Mimicking the experimental setup used in our study, we generated 100 trials of random data for 2 × 35 subjects (uniform sampling of values between 1 and 9; 35 subjects because this was the smallest group size in our experiment). For each of the subjects in the simulated short-delay group, we used true individual behavioral scores to separate plausible portions of the encoding data into source memory, item memory, and miss encoding. As an example, a participant in our experiment produced 18% miss, 24% item memory, and 58% source memory responses. Thus, for one simulated subject, the first (and lowest) 18 values in the sorted sample of generated intensities were classified as misses, the next 24 values were classified as item memories, and the remaining 58 (and highest) values were classified as source memory trials. This operation was repeated 10,000 times for each simulated subject, and the average intensities producing miss, item memory, and source memory responses across subjects were calculated, together with the average SDs around these values: miss, 1.84 ± 0.49; item, 3.53 ± 1.06; source, 6.71 ± 0.67.

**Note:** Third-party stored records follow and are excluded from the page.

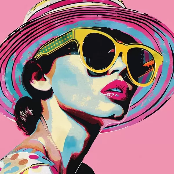 Poster Buntes Porträt einer stilvollen Frau mit Sonnenbrille f38508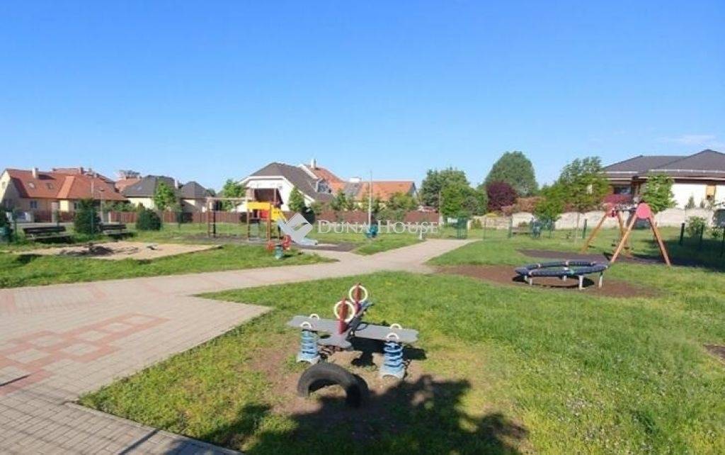 A ház mögött gondozott udvar, a közelben pedig játszótér hallótávolságra, ami sok családnak érték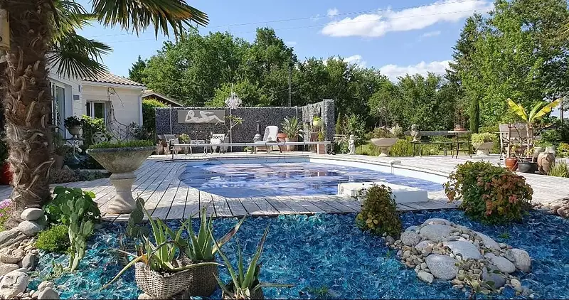 Une piscine de 12*5m avec liner neuf vous permettra de profiter des extérieurs avec vue sur les pins.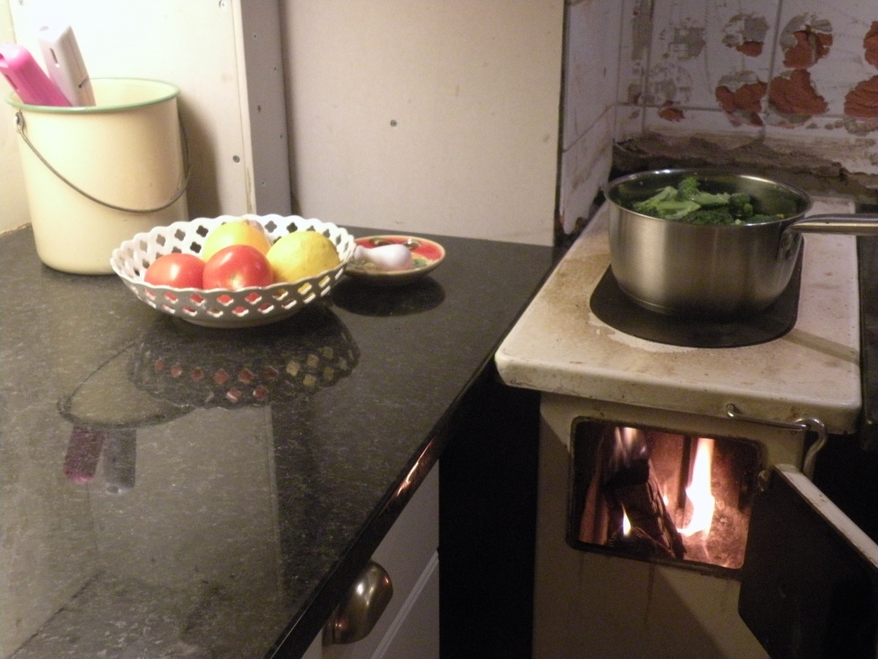 När snön yr utanför så är det mysigt att tända en eld i den lilla vedspisen i köket! Och ännu mysigare blir det när man kan passa på att laga lite mat samtidigt. Det känns som att maten blir lite godare men det är nog bara inbillning, kan jag tro. I varje fall så blir det en riktig go’ värme i köket och så luktar det gott och hemtrevligt!

Identical steps were followed for the subjects in the long-delay group, but the resulting mean strengths associated with each encoding condition were here additionally multiplied with a decay factor, and the resulting “decayed” data points were classified into miss, item memory, or source memory trials based on whether they exceeded the source/item memory thresholds established before decay. We iterated over several decay factor values to find one that produced results resembling those observed in the true behavioral data from the long-delay group. A decay factor of 0.58, when applied to the simulated data, gave the lowest mean deviation from the true behavioral scores in the long-delay group and produced average source memory scores of 20.0%, item memory scores of 35.2%, and miss scores of 44.8%. With this decay factor, mean encoding intensities producing miss, item memory, and source memory responses after a long delay were 2.79 ± 0.88, 5.95 ± 1.54, and 8.09 ± 0.81, respectively. From the simulated mean strengths in the two groups, we could approximate the BOLD effect size expected to be found between the two groups if durable source memories are selected based on intensity alone. The effect of main interest, source encoding strength compared across the two groups, produced a Cohen's delta effect size of 1.86. Unsurprisingly, post hoc power analyses using G*Power 3 (Faul et al., 2007) demonstrated that we would reliably detect such a big effect—should it be present in the data—with the sample size used in the current experiment [achieved power > 99%, given α error probability of 0.05, sample size of 74 (39 + 35), and effect size of 1.86]. Because we do not find this effect, we take the simulation results as additional support for the argument that intensity encoding alone cannot explain how durable episodic representations are established.
PPIs
Having evaluated the encoding intensity account of how durable memories are established, we next investigated whether a complementary underlying mechanism could be found in levels of connectivity during source memory encoding. The generalized PPI analysis allowed us to search for task-specific changes in hippocampal–cortical functional connectivity during encoding. With the term “hippocampal–cortical,” we here mean connectivity between the Freesurfer-defined hippocampus (which is a part of the subcortical segmentation stream of Freesurfer) and the Freesurfer-defined cortical surface. We first analyzed data from the two groups separately and found similar significant (p < 0.05, corrected) patterns of stronger connectivity between the left hippocampus and the left rostral middle frontal lobe (peak MNI coordinate, x = −39, y = 32, z = 18) during source memory encoding compared with item memory and miss trials (Fig. 5). When directly comparing the connectivity of the left hippocampus during source memory encoding between the two groups, no differences were observed, indicating that the observed patterns are associated with source memory encoding in general and not with encoding of durable memories in particular. However, such a selective pattern was observed in the task-specific connectivity associated with the right hippocampus: only in the long-delay group did we find evidence for stronger communication with cortical areas during source memory encoding than during the other task conditions (Fig. 5). A direct comparison of the right hippocampal–cortical connectivity of the two groups during source memory encoding showed significantly (p < 0.05, corrected) stronger effects in the long-delay group, confirming that hippocampal communication with a set of occipital, parietal, and temporal regions is particularly high during encoding of durable source memories.
Discussion
During the encoding of an event, high levels of BOLD activation/deactivation in memory encoding networks predict successful initial consolidation. Although this intensity principle seems to govern which episodes will survive into the immediate post-encoding interval and become candidates for system consolidation, the present results indicate that another, complementary, mechanism is responsible for establishing which of these memory traces will take a more permanent form and remain accessible during the following weeks and months. Here we show that high connectivity at encoding between the right hippocampus and a set of posterior perceptual neocortical regions is predictive of recollection success after a retention interval of ∼6 weeks. We suggest that this connectivity pattern reflects tagging of memory traces that will undergo additional post-encoding processing and therefore potentially reach a durable status.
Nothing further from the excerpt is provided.